Uscito quasi a sorpresa per Playstation 4, PC e XBox One, White Night comincia fuori da un locale malfamato di Boston: all’esterno c’è un uomo visibilmente ebbro di alcol che sale sulla sua auto per allontanarsi nel crepuscolo. E’ l’epoca della Grande Depressione, scenario inedito per un videogioco, ma la disperazione traspare da ogni parola, immagine e suono in un opera elettronica che più che il noir classico ricorda le derive più tetre e spaventose del Lang tedesco.

Mentre l’uomo guida, attraversando il ponte su Mystic River, una figura di donna scorre nella notte causando l’uscita di strada del suo veicolo.Così questa strana e spettrale avventura ha inizio, nei pressi di una villa sinistra. Possiamo camminare a stento e la prima decina di minuti del gioco, tra le ombre di un giardino dove sorgono solenni lapidi dimenticate, le dobbiamo percorrere caracollando, mentre il silenzio, talvolta interrotto da una partitura che miscela con successo agghiacciante toni jazz con armonie horror, sembra divorare lo spazio e il tempo con la stessa voracità dell’assenza di colori vivi.
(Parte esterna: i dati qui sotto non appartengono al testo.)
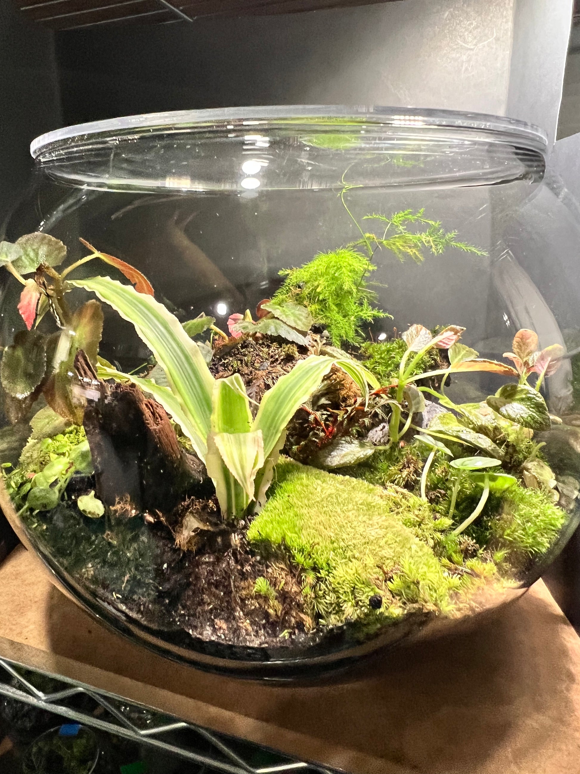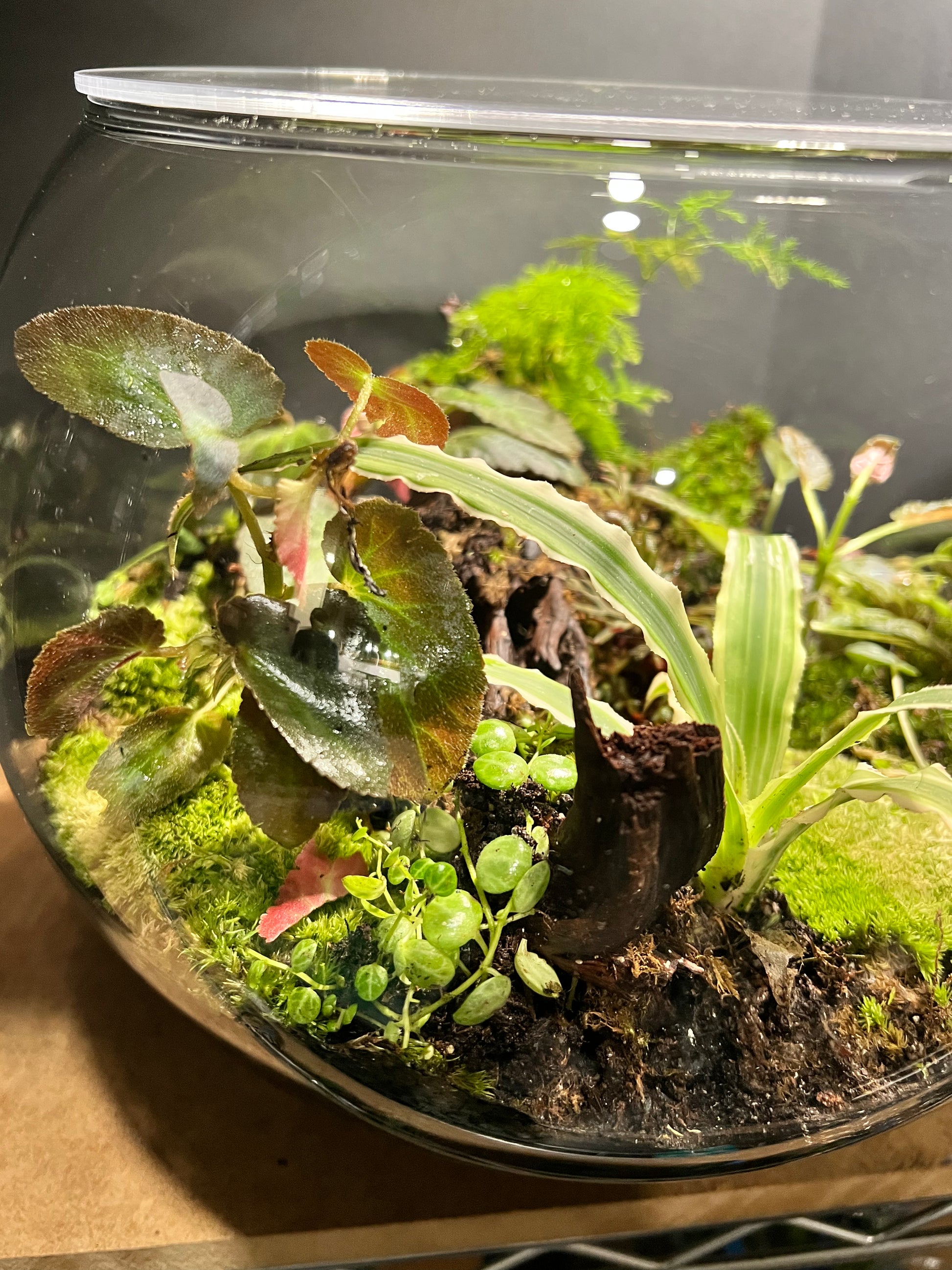 This is a statement piece, starting with the Begonia Brazilian Lady Angel Wings, Variegated Peperomia, Grapevine wood, Cultivated and Wild harvested Cushion Moss, Selaginella, Earth star, String of Turtles, String of Variegated Hearts, Asparagus Fern, and Seiryu stones all on our tropical substrate blend.

Ispirato, almeno nella sua macrostruttura, ai survival horror delle origini, White Night non sarebbe tale se non ci facesse perlustrare una vasta magione abbandonata, almeno dai vivi. Qui chi è abituato ai ritmi più frenetici e «armati» delle ultime produzioni del genere si troverà a vagare in uno stato di malinconica impotenza e l’unica risorsa utile alla sopravvivenza è la luce. Abbiamo a disposizione dei fiammiferi il cui lucore arancione, unica traccia cromatica che non sia quella dei neri e dei bianchi, illumina ambienti vetusti, un tempo solenni ma precipitati in un trasandato abbandono. La luce è l’unica arma contro le presenze inquiete e spettrali che abitano la magione, sofferenti e violente tracce ectoplasmatiche di una tragedia consumatasi tra quelle mura.

Disegnato con arte e coscienza pittorica e cinefila, musicato con stile e spaventoso come certi racconti di fantasmi di Richard Matheson, White Night è la dimostrazione del talento e della forza creativa del videogioco indipendente contemporaneo, in questo caso comunque distribuito, solo come copia digitale, da un colosso come Activision che ne ha intuito le potenzialità. Inclemente con il giocatore, non per la difficoltà che non risulta mai troppo eccessiva, ma per la dolente e soffocante atmosfera di ogni suo quadro che provoca una spossata tristezza e mai raccapriccio, il videogame di Osome Studio merita di essere vissuto a tarda notte e con le cuffie, rivelandosi così in un tutta la sua sconsolante e ispirata dimensione artistica di raffinata macchina da brivido.